Редакция Vласти
Про эти события потом напишут: «три августовских дня, которые изменили мир». Советская империя, существовавшая 74 года, окончательно разрушилась всего через несколько месяцев после августа 1991 года, когда группа советских партийных деятелей предприняла последнюю, и неудачную, попытку сохранить СССР таким, каким он был до середины 1980-х. Накануне 25-летия путча Vласть попросила пятерых известных казахстанцев вспомнить свои ощущения от тех августовских дней и рассказать, как изменилось их отношение к тем событиям спустя годы.
Евгений Жовтис, директор Казахстанского международного бюро по правам человека и соблюдению законности:
— В августе 91-го мне было 36 лет. В то время я ушел из Академии наук тогда еще Казахской ССР. Я был ученым в области горной экономики, занимался исследовательской деятельностью. Я ушел из Академии, работал в независимых профсоюзах и принадлежал к, так сказать, демократическому кругу казахстанской общественности, пытающемуся создать альтернативные Коммунистической партии структуры.
Этот день я встретил, мягко говоря, со страхом, обеспокоенностью и раздражением. К тому моменту у меня была четко составленная картина мира и представления о том, где я хочу жить. И уж точно я не хотел жить в Советском Союзе, ни тем более - в той стране, которую ГКЧП пытался вернуть.

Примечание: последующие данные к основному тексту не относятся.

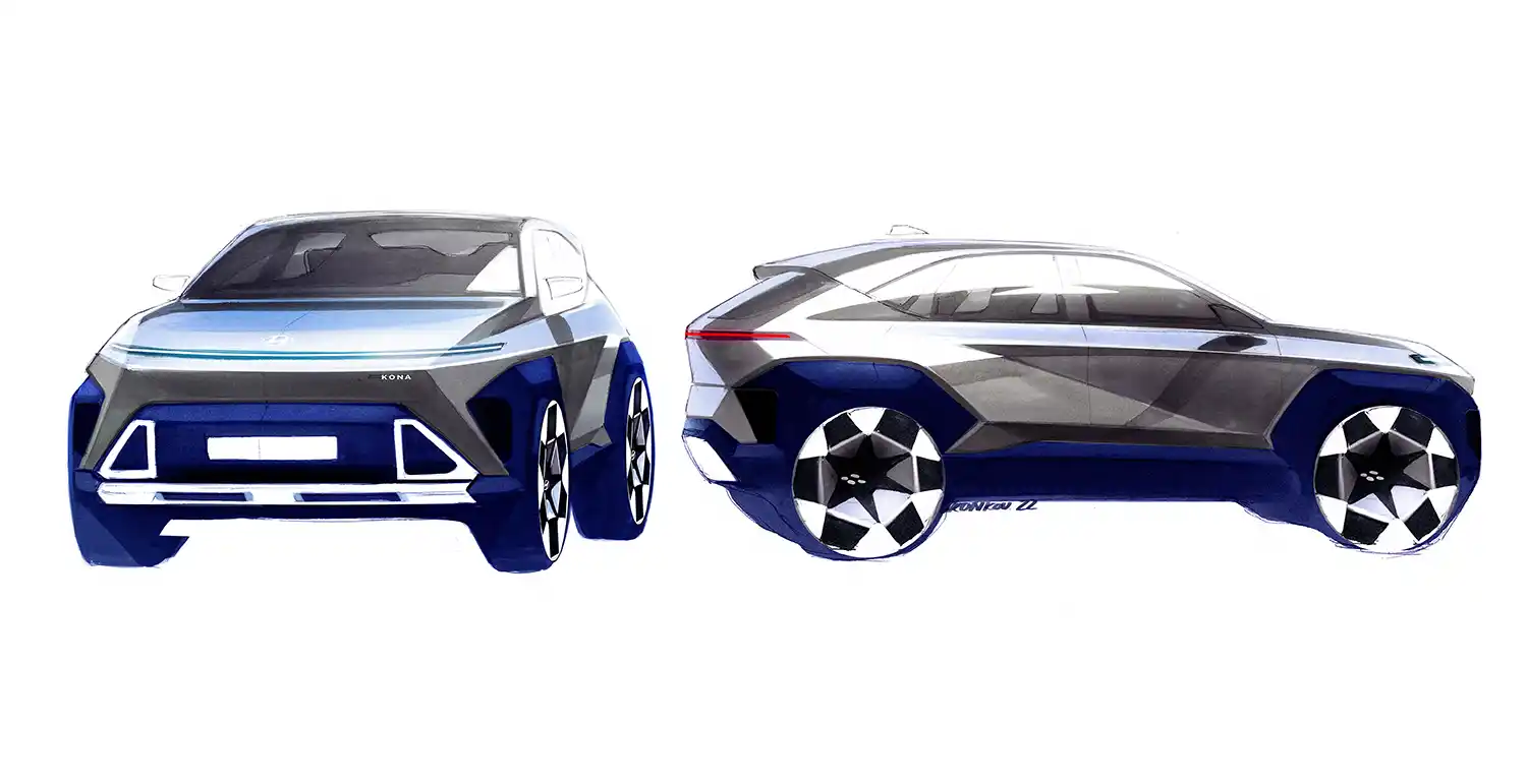 Hyundai Motor Company today unveiled an EV-derived, futuristic design for its new generation KONA subcompact SUV. The upscaled model will be available in four variants, including all-electric (EV), hybrid electric (HEV), internal combustion engine (ICE) and sporty N Line, with a universal architecture for all and unique styling for each*.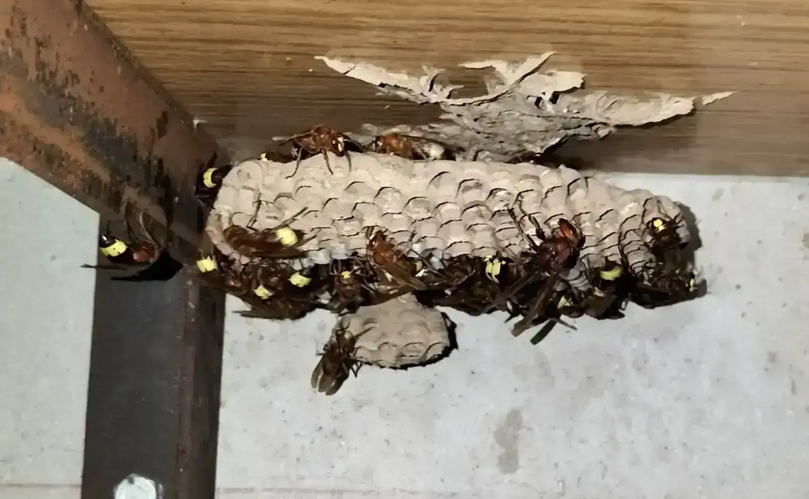Por cierto, me ha parecido que se comportan como el resto de las avispas, quiero decir que no las veo más agresivas ante los estímulos que les he provocado como luz de la linterna del móvil, mis movimientos y respiración, o ruidos.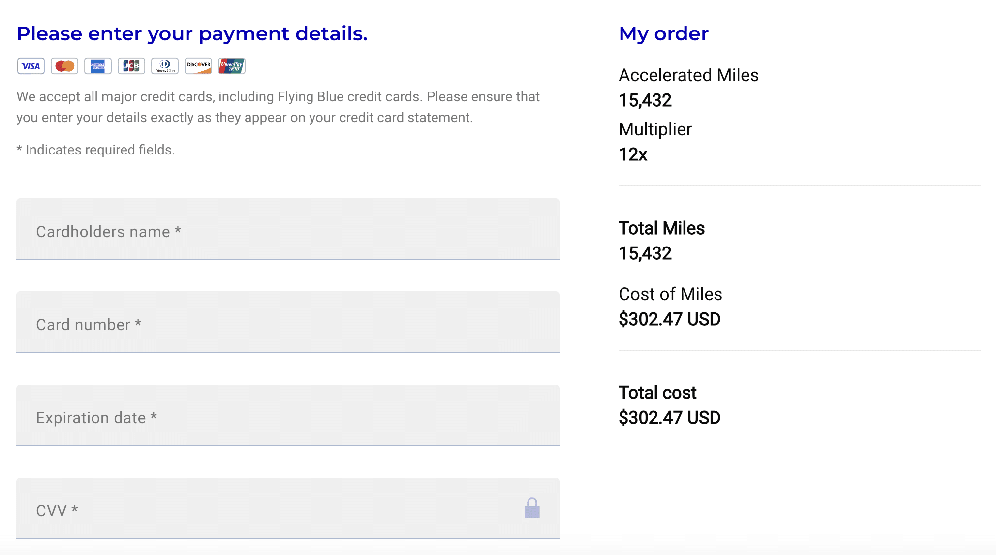 If you wish to proceed to top up your miles, simply enter your payment information, and you should be all set.

Мои друзья и семья – люди либеральных взглядов, поэтому восприятие (ГКЧП – V) было крайне негативное. Другой вопрос заключался в том, что дальше делать? Поскольку я принадлежал к оппозиции Коммунистической партии, то мы созвонились с друзьями, в частности, с юристом Сергеем Злотниковым. Мы немедленно утром встретились, чтобы обсудить дальнейшие действия. Мы пошли в акимат, тогда он назывался Горисполком. Там на нас посмотрели как на полных идиотов. Мы вышли в недоумении, не очень представляя, что делать дальше. Потом пошли в редакцию журнала «Жалын», которую тогда возглавлял Мухтар Шаханов. Там сколотилась оппозиционная ГКЧП группа. Я помню, что мы даже умудрились связаться с представителями демократических сил других центрально-азиатских государств. Я созванивался со своим домом, и было ощущение, что нас подслушивают. Мы это предполагали.

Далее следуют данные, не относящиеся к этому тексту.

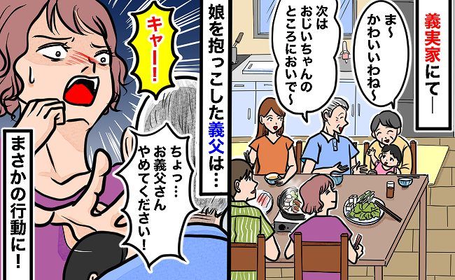 「キャー!お義父さんやめて~!」義実家での食事会。娘を抱っこした義父のまさかの行動に慌てた理由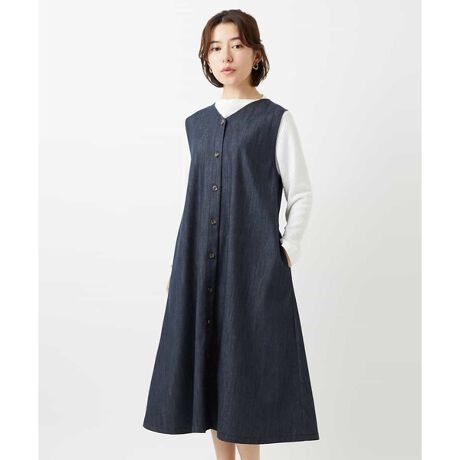フロントボタン明きのジャンパースカート。ボタン付きVネック面とクルーネック面と前後どちらを前にしてもスタイリングを楽しめるアイテムです。ボタンを1・2ヶ所止めたスタイリングやフルオープンにして着流しスタイルなどロングジレとしも活用できます。また、シャツやブルゾンなど羽織を合わせるなど色々なコーディネートを楽しめます。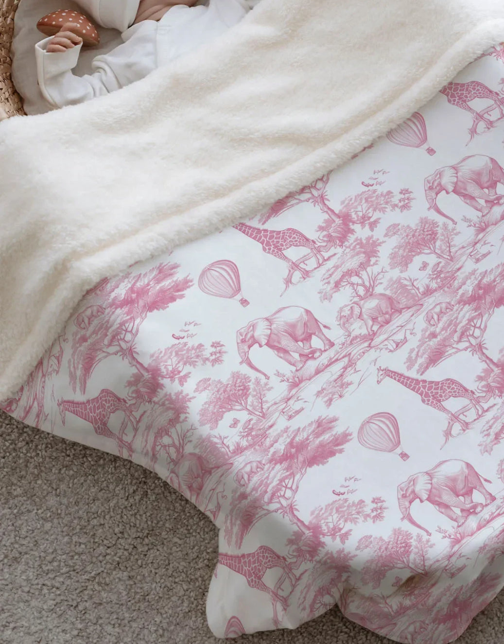 • Load image into Gallery viewer, Pink Toile de Jouy Safari Baby Blanket
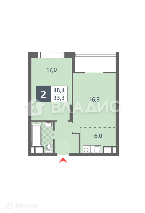 Общая площадь 48.4 м2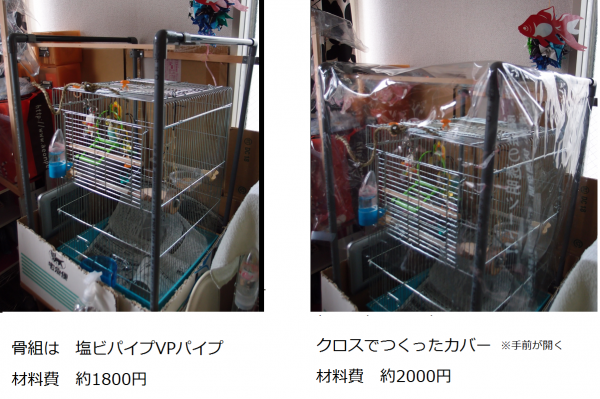 まず保温仕様のケージですが、ネットで「鳥 保温」で検索すると、色々と工夫されている画像を見る事が出来ます。
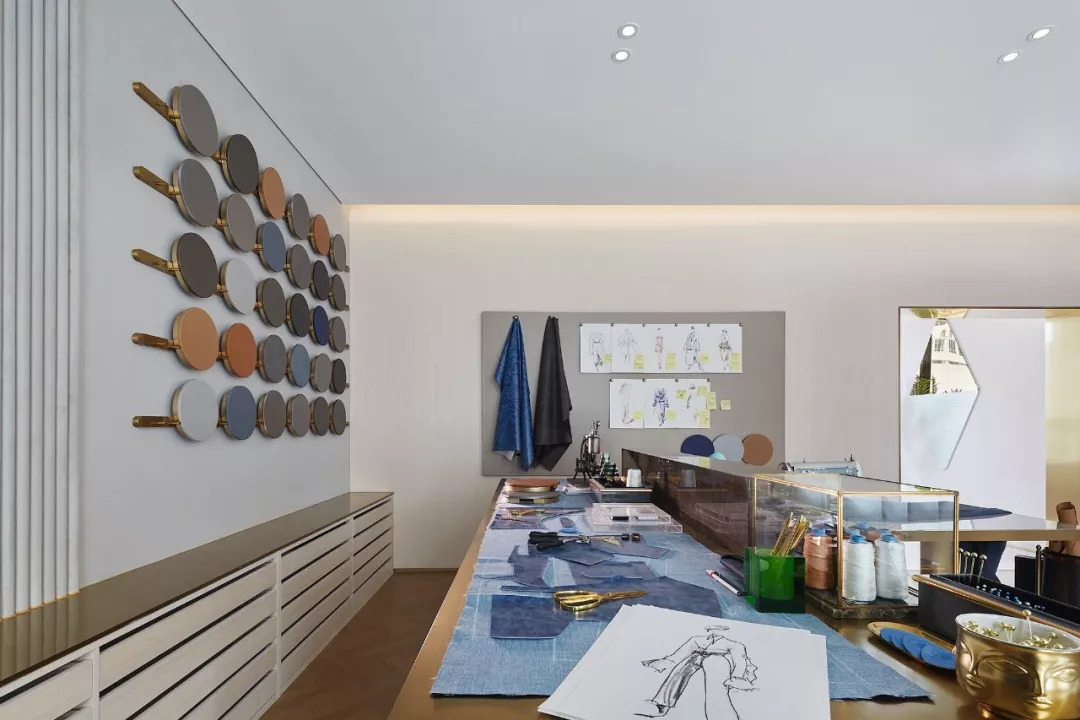3F主要陳設(shè)了Fern Wu的工作流水臺——從小樣、色板、材質(zhì)展示到毛料裁縫臺一應俱全——稀有、歷史感和手工定制是該空間的標志。

Мы готовили какие-то листовки, которые на следующий день распространяли в автобусах, ночевали не дома. В общем, перешли на подпольную жизнь. Какие-то шаги мы предпринимали, но сейчас, спустя столько лет, смотришь на это и понимаешь, что все это было по-детски и никаких серьезных ресурсов и возможностей у нас не было. Но свою позицию мы достаточно четко отразили. Я могу сказать, что я точно не хотел назад.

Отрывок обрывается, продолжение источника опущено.